De vraag naar geestelijke gezondheidszorg is hoger dan het aanbod. Bovendien is het altijd beter om problemen eerder te voorkomen dan te genezen. Daarom zet D66 vol in op preventie. Met het Integraal Zorgakkoord (IZA) zijn er concrete afspraken gemaakt hoe preventie in de GGZ bekostigd gaat worden. Programma’s worden regionaal gecoördineerd en lokaal, in de wijk, ingezet. Er worden van te voren afspraken gemaakt over welke zorg door wie geleverd en bekostigd wordt door de zorgverzekeraars, gemeenten, zorgaanbieders en patiëntenorganisaties. De overheid houdt toezicht of er aan de zorgplicht wordt voldaan.

Wat D66 betreft wordt de eerstelijn ontlast door een betere samenwerking met gemeenten te stimuleren als het gaat om sociale hulpvragen en preventie. Dit gaat om zorg, welzijn en hulp in de buurt, waarmee wordt voorkomen dat mensen met kleinere zorg- en ondersteuningsvragen op den duur zwaardere zorg nodig hebben. De door het integraal zorgakkoord ingezette lijn wordt volledig ondersteund en waar mogelijk verder kracht bij gezet. D66 vindt het bovendien van groot belang dat het Gezond en Actief Leven Akkoord uitgebreid is met een pijler ‘mentale gezondheid’.

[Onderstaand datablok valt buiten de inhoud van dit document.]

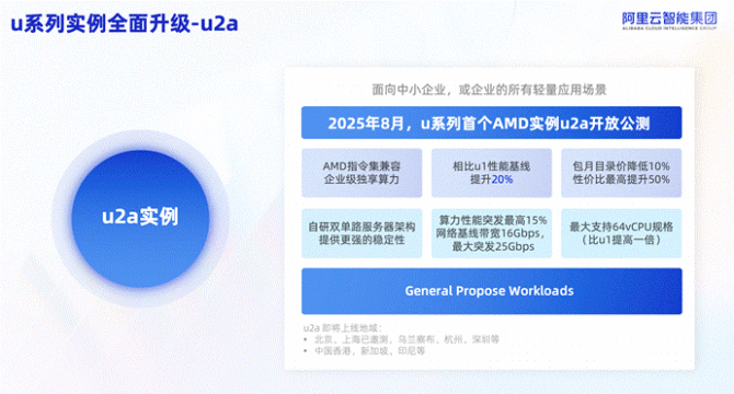 u1实例于2023年发布,广受企业青睐。在此基础上,全新推出的u2系列实例包含两款细分产品——搭载Intel处理器的u2i实例与搭载AMD处理器的u2a实例。

Tevens zorgen we voor een nationale coördinatie rondom de invoering van lokale preventieprogramma’s. Door middel van signalering, opschaling en gereed maken voor invoering zorgen we ervoor dat succesvolle lokale innovaties zo snel mogelijk landelijk ingevoerd worden.

Bijna een miljoen mensen in Nederland leeft in armoede. Een op de vijf huishoudens heeft problematische schulden. Dit geldgebrek zorgt voor onzekerheid en stress. D66 wil de onvrijheid die armoede en schulden veroorzaken hard bestrijden. Daarom verhogen we het minimumloon en de bijstand met 10% in 2028 en willen we het ingewikkelde toeslagensysteem hervormen.

Maar we streven ook verder naar een fundamentele herziening van de manier waarop we met schulden omgaan. Niet gebaseerd op nodeloos wantrouwen, maar op het menswaardig en zo efficiënt mogelijk helpen van mensen in financiële nood. Want geldproblemen van vandaag ondermijnen de mentale gezondheid en keuzes van morgen.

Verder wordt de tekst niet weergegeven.